Material provided:
=-=-=

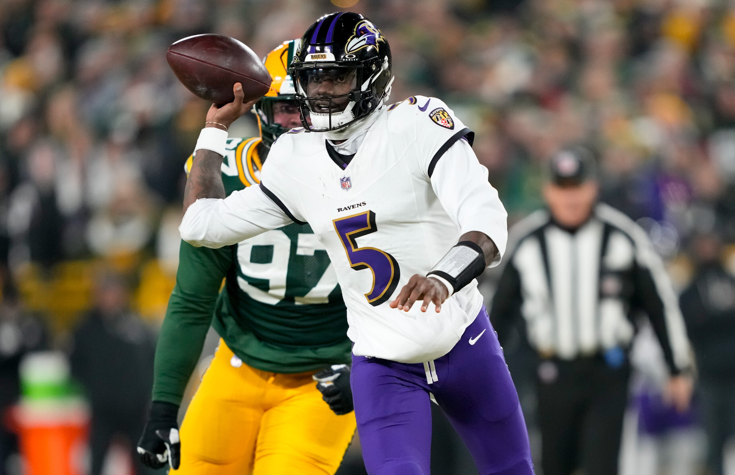 Dec 27, 2025; Green Bay, Wisconsin, USA; Baltimore Ravens quarterback Tyler Huntley (5) looks to throw a pass as Green Bay Packers defensive tackle Jordon Riley (97) defends during the first quarter at Lambeau Field. Mandatory Credit: Kayla Wolf-Imagn Images
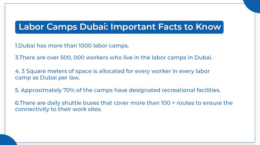 Labor camps in Dubai is an important feature of Dubai’s labor ecosystem. These streamlined facilities of labor accommodations ensure workers live in a comfortable atmosphere. These labor camps are regulated by Dubai Municipality and MOHRE thorough a strict system of regulations and through conducting regular inspections. By understanding the key regulations and management systems of labor camps in Dubai, we can gain a deep insight into the lives of workers who can contribute to Dubai’s fast paced economic growth.
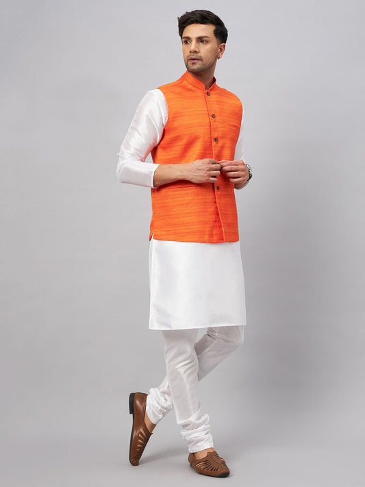 VASTRAMAY Men's Orange Matka Silk Nehru Jacket With White Silk Blend Kurta Pyjama Set
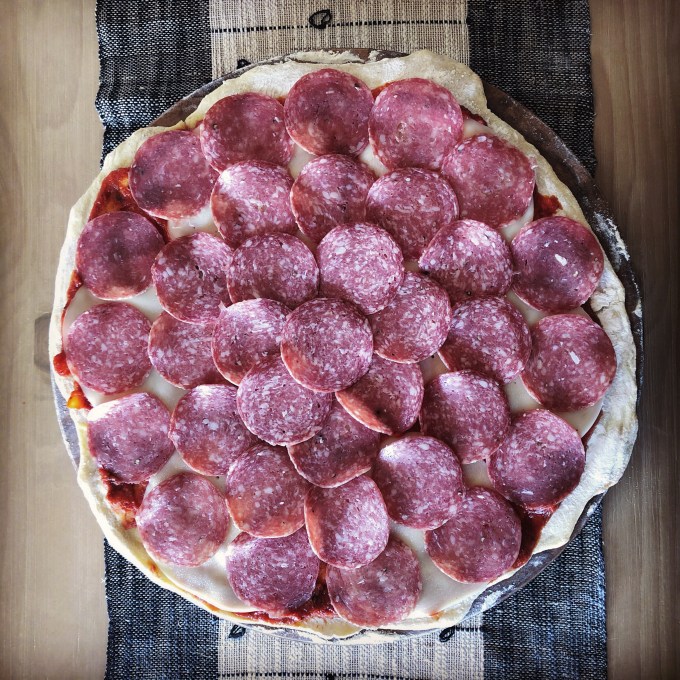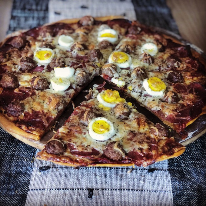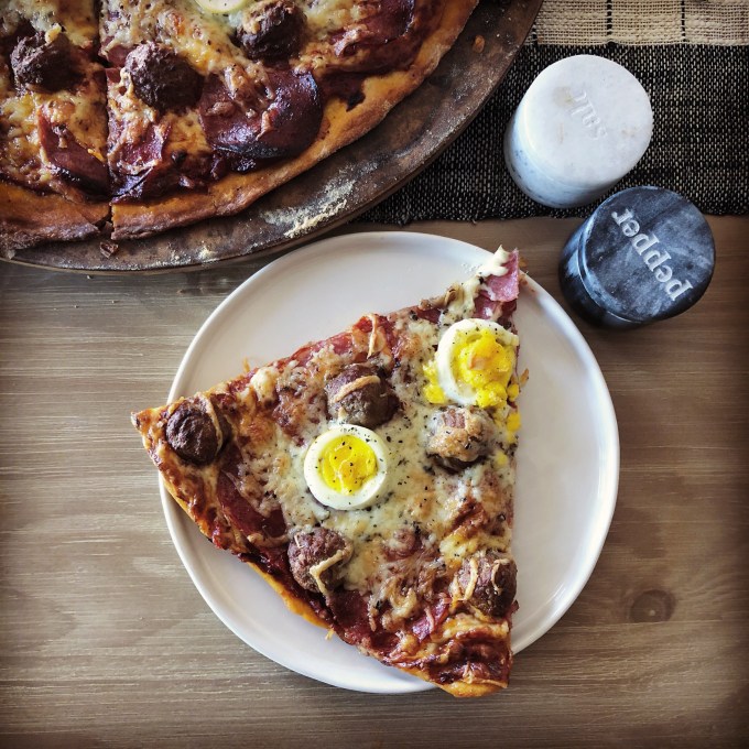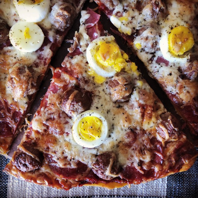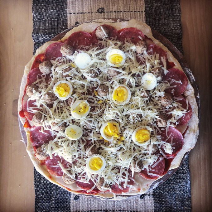 - 2 to 4 hardboiled eggs (I would say “optional” but then this would just be a salami and pepperoni pizza)

=-=-=

What you are asked to do: Skip the pictures. Please copy exactly the lines from the one with "VASTRAMAY Men's Orange" through the final line of the material above, both ends included.

Answer to this task:
 VASTRAMAY Men's Orange Matka Silk Nehru Jacket With White Silk Blend Kurta Pyjama Set
 - 2 to 4 hardboiled eggs (I would say “optional” but then this would just be a salami and pepperoni pizza)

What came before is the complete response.